We have setup a Prometheus instance in an EC2 instance of type "m3.xlarge" (4 x vCPU and 15GB of RAM). We are using an external EBS volume for storage. It has been working for about a month now, slowly ingesting metrics using Consul discovery of nodes. It is also scraping a Push Gateway running in a container on the same EC2 host.
I also tweaked it to use approx 50% of the memory for heap usage.
Recently it's using up all the CPU on the EC2 host (load is around 5.0 on a 4 core box). The checkpointing times and urgency scores are also slowly creeping up. A few times per hour, the "up" metric returns "0" for about 30 seconds or so, then goes back to "1".
I have also noticed that it's no longer able to scrape the push gateway.

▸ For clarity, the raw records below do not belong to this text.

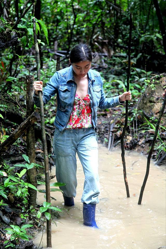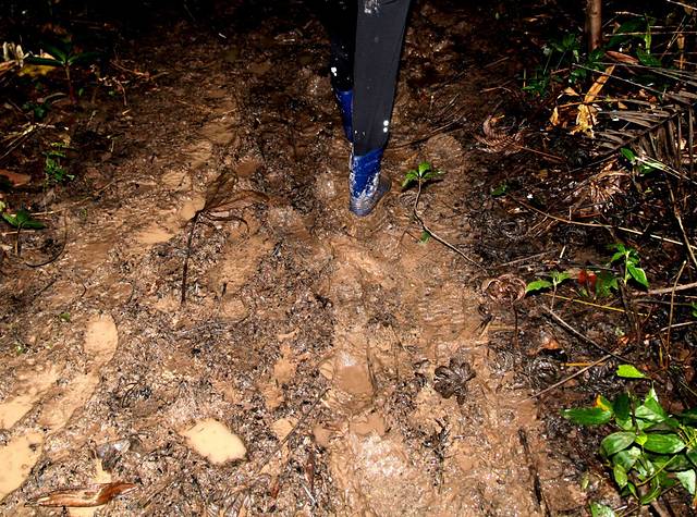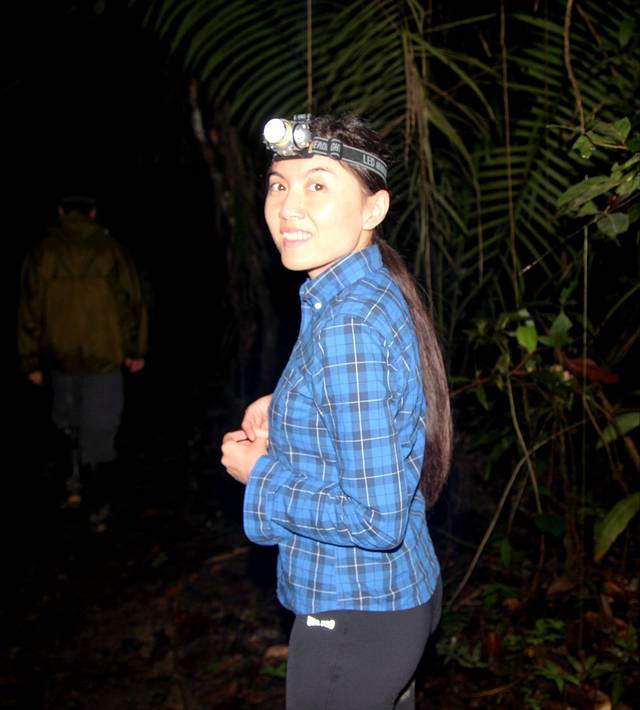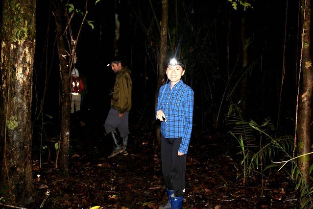 晚餐后,今天的安排是去丛林里night walk。同组的俩美国人都表示,太好了,终于可以不用坐船了,早就想去林子里走走了。好吧。导游叮嘱一定要穿长衣长裤,因为蚊子很多;而且一定要穿雨靴,因为这两天雨下的多了点,路可能很泥泞。于是我就擦了一身的防蚊水,穿好长衣长裤和我的儿童雨靴,拿着头灯、手电、相机,出发。
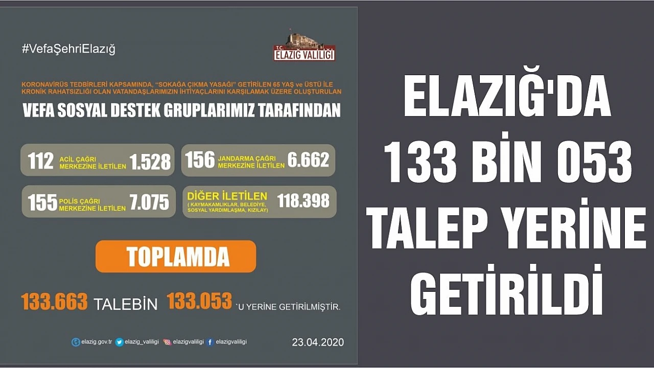 Elazığ Valiliği bünyesinde kurulan ekipler 65 yaş ve üzeri vatandaşların ihtiyaçlarını gidermeye devam ediyor. Bu kapsamda; 112 / 155 / 156 ve diğer başvuru yolları olmak üzere vatandaşların talepleri tek tek alınıyor. Valilik birimlerince ilçeler genelinde toplam bin başvuru alındı. Elazığ şehir merkezinde ise valilik birimlerine 133 bin 663 talepte bulunuldu. Vefa Sosyal Destek Grubu 133 bin 053 vatandaşın talebini yerine getirdi.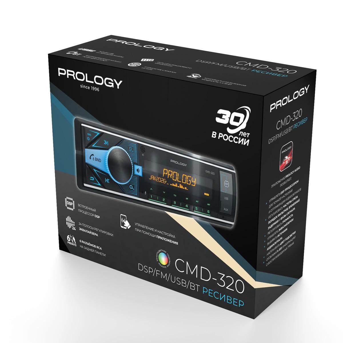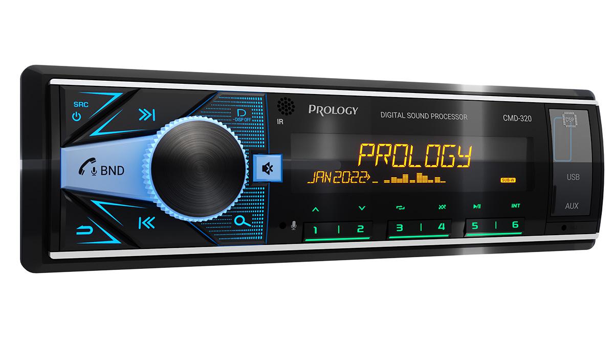 PROLOGY CMD-320 — FM / USB ресивер с Bluetooth® и встроенным DSP - аудиопроцессором, стандартного размера 1DIN, который обеспечивает прием радиостанций в диапазоне FM / УКВ / AM и воспроизведение аудиофайлов MP3, WAV, и FLAC форматов, записанных на USB накопители, передачу звука с внешних источников через линейный аудиовход и беспроводной интерфейс Bluetooth®. Поддерживается управление мобильным телефоном через интерфейс Bluetooth® (ver. 4,2).
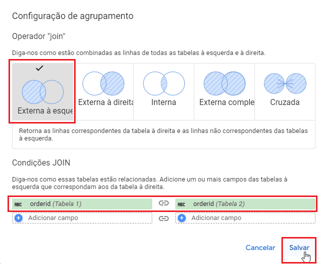 7 - Em “Operador Join” selecione a opção “Externa à esquerda”, em “Condições JOIN”, selecione a dimensão chave para as duas tabelas e clique em “Salvar”;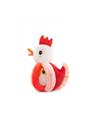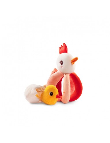 Un hochet original, que les petites mains saisissent facilement. Paulette la poule cache un petit poussin qui vient de sortir de sa coquille.

The error I'm getting is "context deadline exceeded" and the target is marked as DOWN.
I am going to attach some dashboards that I've been using to monitor this as well as a Go routine dump.
**Environment**
AWS EC2. "m3.xlarge" (4 x vCPU and 15GB of RAM). We are using an external EBS volume for storage.
* System information:
Linux 4.4.0-1013-aws x86_64
* Prometheus version:
prometheus, version 1.6.2 (branch: master, revision: b38e977fd8cc2a0d13f47e7f0e17b82d1a908a9a)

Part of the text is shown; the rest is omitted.